### What you will do
When you copy the material below, keep every line exact and leave each picture out.

### Exercise data
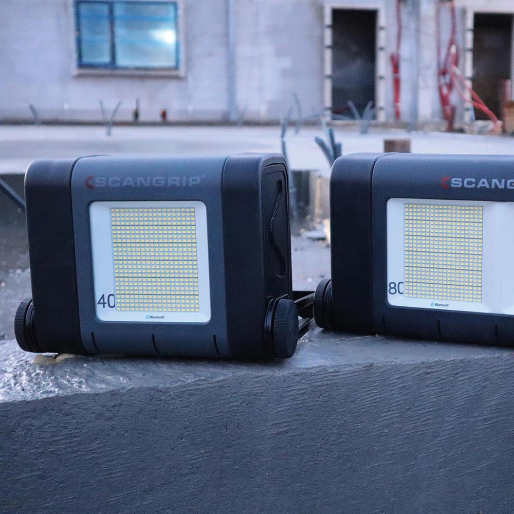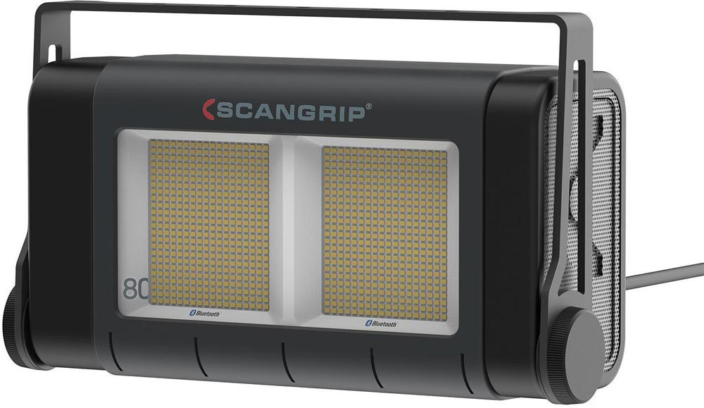 Baustellenstrahler für Großflächenbeleuchtung · breiter 120°-Abstrahlwinkel · mit Dimmfunktion · BLUETOOTH Lichtsteuerung ermöglicht mit dem Handy das Ein-/Ausschalten der Arbeitsleuchte sowie die Lichtleistung in vier Stufen anzupassen · integrierter Tragegriff · einfach auf einen Dreifußständer zu Mast zu montieren
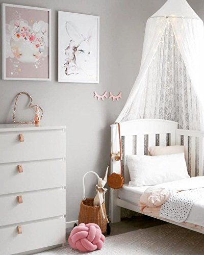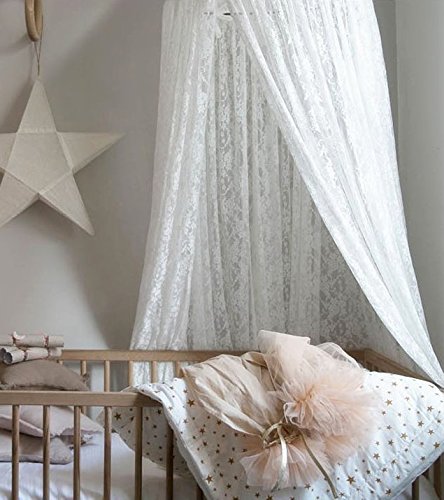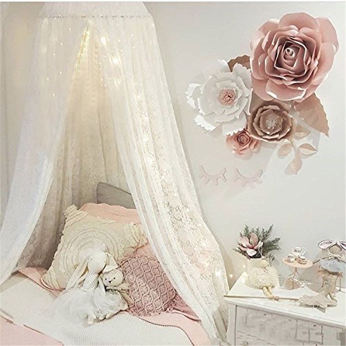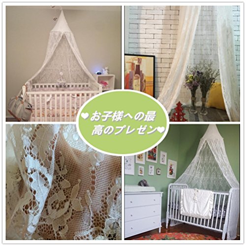 Wenscha キャノピー 天蓋付 スリーピングカーテン キッズテント 吊り下げタイプ お姫様 ガールズ 子供部屋 キッズルーム モスキートネット ベッドルーム プリンセス 天蓋ベッド インテリア ギフト 出産祝い ヨーロッパ風 秘密基地 (白いレース)
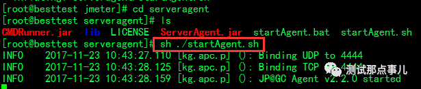 默认端口没有被占用,所以不必修改agent的端口号,再sh ./startagent.sh启动agent服务,从图中可以看到agent服务绑定了4444端口号。

### Finished exercise
 Baustellenstrahler für Großflächenbeleuchtung · breiter 120°-Abstrahlwinkel · mit Dimmfunktion · BLUETOOTH Lichtsteuerung ermöglicht mit dem Handy das Ein-/Ausschalten der Arbeitsleuchte sowie die Lichtleistung in vier Stufen anzupassen · integrierter Tragegriff · einfach auf einen Dreifußständer zu Mast zu montieren
 Wenscha キャノピー 天蓋付 スリーピングカーテン キッズテント 吊り下げタイプ お姫様 ガールズ 子供部屋 キッズルーム モスキートネット ベッドルーム プリンセス 天蓋ベッド インテリア ギフト 出産祝い ヨーロッパ風 秘密基地 (白いレース)
 默认端口没有被占用,所以不必修改agent的端口号,再sh ./startagent.sh启动agent服务,从图中可以看到agent服务绑定了4444端口号。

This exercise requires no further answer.